Assignment |
Pictures stay out of the output. Return exactly the lines below from the one with "Este elegante sinal" down to the one with "It also is worth", both included, and nothing more.

___ Stored data ___

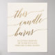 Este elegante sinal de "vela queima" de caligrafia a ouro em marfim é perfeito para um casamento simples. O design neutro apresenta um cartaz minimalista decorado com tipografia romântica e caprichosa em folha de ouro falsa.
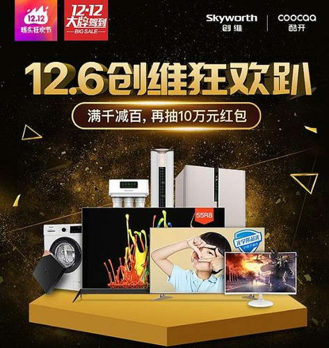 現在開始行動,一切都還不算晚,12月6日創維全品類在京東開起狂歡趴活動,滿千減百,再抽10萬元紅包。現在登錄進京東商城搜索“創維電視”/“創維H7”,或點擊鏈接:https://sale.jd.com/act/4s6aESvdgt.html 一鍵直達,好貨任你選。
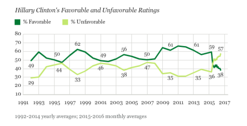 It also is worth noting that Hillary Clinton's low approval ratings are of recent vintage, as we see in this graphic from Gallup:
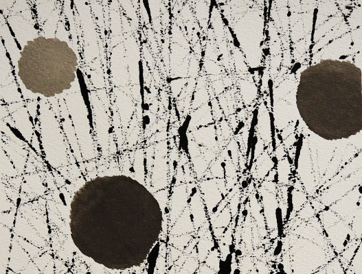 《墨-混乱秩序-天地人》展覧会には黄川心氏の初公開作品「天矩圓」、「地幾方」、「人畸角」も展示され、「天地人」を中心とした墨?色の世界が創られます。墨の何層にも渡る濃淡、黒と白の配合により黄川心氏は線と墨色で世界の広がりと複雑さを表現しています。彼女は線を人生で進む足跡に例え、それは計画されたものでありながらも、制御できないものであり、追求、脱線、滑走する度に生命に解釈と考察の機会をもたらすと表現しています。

___
___ Stored data ___

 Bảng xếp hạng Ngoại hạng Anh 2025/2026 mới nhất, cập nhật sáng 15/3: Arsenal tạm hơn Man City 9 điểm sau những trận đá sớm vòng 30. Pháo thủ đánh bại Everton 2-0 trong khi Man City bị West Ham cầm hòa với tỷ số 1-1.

___
___ Stored data ___

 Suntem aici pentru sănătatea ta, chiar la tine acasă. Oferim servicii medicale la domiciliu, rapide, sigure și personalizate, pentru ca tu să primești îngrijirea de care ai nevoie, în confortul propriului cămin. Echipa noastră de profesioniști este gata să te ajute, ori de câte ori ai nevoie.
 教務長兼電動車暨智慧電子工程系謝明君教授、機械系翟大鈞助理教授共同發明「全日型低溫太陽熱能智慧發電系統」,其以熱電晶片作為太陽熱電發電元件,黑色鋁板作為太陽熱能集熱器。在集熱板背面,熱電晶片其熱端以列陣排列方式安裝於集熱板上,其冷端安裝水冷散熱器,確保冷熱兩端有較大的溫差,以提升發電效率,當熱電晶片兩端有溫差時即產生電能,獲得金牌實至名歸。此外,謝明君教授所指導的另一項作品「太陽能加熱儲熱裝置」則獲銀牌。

___

Response |
 Este elegante sinal de "vela queima" de caligrafia a ouro em marfim é perfeito para um casamento simples. O design neutro apresenta um cartaz minimalista decorado com tipografia romântica e caprichosa em folha de ouro falsa.
 現在開始行動,一切都還不算晚,12月6日創維全品類在京東開起狂歡趴活動,滿千減百,再抽10萬元紅包。現在登錄進京東商城搜索“創維電視”/“創維H7”,或點擊鏈接:https://sale.jd.com/act/4s6aESvdgt.html 一鍵直達,好貨任你選。
 It also is worth noting that Hillary Clinton's low approval ratings are of recent vintage, as we see in this graphic from Gallup:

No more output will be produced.